Royal pregnancy: Hoax call fools Duchess of Cambridge hospital
The hospital treating the pregnant Duchess of Cambridge says it "deeply regrets" giving information about her to hoax callers from a radio station.
Australian DJs posing as the Queen and Prince Charles got details from a nurse at King Edward VII hospital in central London.
The hospital said confidentiality was taken seriously and telephone protocols are under review.
2Day FM said it was surprised to be put through but "sincerely apologises".
Prince William and Catherine's sister Pippa and brother James visited her in hospital.
The prince has been a daily visitor since Catherine was admitted with acute morning sickness - hyperemesis gravidarum - on Monday.
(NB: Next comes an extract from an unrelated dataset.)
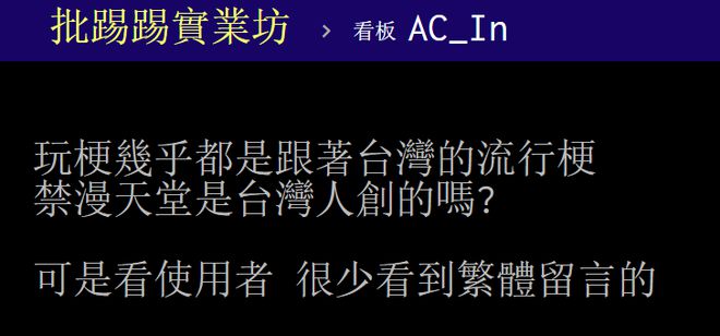 早期的禁漫试图依靠内容制胜,在其油管频道里,往日的文章成了绝佳的视频素材。遗憾的是,禁漫创作之路并不顺利,因为就连台湾同胞也知道,这个在台湾创立的网站,里面几乎全是简体中文用户,禁漫的主战场,或许应该在大陆的主流视频平台。

A spokesman for William and Catherine said he would be making no comment on the hoax call.
Two presenters on the Sydney-based radio station are reported to have convinced staff they were the royals, were connected to the duchess's private nurse in the early hours of Tuesday morning and given an update on her condition.
Someone was also heard to be making barking sounds in the background to mimic what the presenters said were the Queen's corgis.
A hospital spokesman said: "This call was transferred through to a ward and a short conversation was held with one of the nursing staff. King Edward VII's Hospital deeply regrets this incident."
John Lofthouse, the hospital's chief executive, said: "This was a foolish prank call that we all deplore."
He later filmed a video message in which he stated the incident was "technically... a breach of patient confidentiality" although the information given to the hoaxers was "already in the public domain".
The Queen, Duke of Edinburgh and Duchess of Cornwall have all been treated at the private hospital over the years.
And the Royal Family has been the target of hoax callers before.
In 1995 Canadian DJ Pierre Brassard, pretending to be Canadian Prime Minister Jean Chretien, was put through to the Queen when she was at Buckingham Palace.
In a statement, 2Day FM said it "sincerely apologises for any inconvenience caused by the inquiry".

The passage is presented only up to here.